DATA SUPPLIED
____

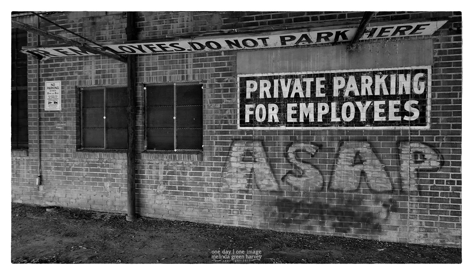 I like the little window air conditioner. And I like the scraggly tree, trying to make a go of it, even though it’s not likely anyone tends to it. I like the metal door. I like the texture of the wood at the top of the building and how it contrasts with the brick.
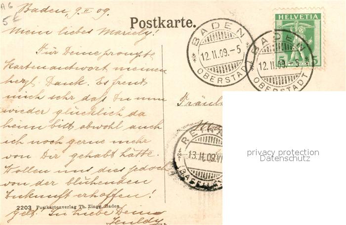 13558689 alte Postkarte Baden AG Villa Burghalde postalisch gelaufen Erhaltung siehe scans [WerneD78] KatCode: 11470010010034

____

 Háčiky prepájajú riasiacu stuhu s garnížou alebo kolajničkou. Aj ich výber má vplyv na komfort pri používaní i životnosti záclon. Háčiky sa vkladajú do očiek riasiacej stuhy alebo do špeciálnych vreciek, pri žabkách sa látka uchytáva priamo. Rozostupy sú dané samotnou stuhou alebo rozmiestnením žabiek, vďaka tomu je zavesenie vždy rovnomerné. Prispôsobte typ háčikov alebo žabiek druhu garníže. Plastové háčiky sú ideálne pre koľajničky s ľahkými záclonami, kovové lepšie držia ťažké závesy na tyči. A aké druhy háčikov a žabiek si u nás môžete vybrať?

____

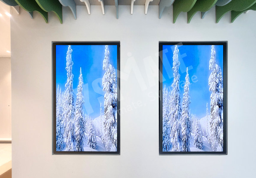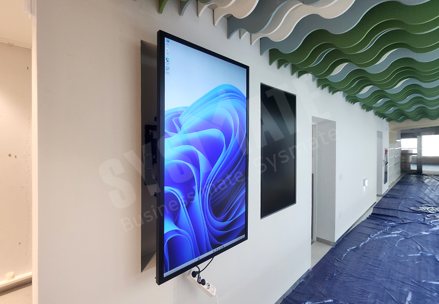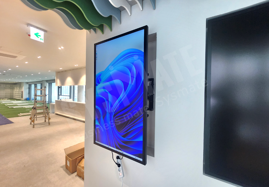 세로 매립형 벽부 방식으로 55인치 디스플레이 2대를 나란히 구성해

____

WHAT IS BEING ASKED
In the records above, find the line with "I like the little" and the line with "13558689 alte Postkarte". Write out exactly those lines and every one between, with no pictures and no other lines.

TASK ANSWER
 I like the little window air conditioner. And I like the scraggly tree, trying to make a go of it, even though it’s not likely anyone tends to it. I like the metal door. I like the texture of the wood at the top of the building and how it contrasts with the brick.
 13558689 alte Postkarte Baden AG Villa Burghalde postalisch gelaufen Erhaltung siehe scans [WerneD78] KatCode: 11470010010034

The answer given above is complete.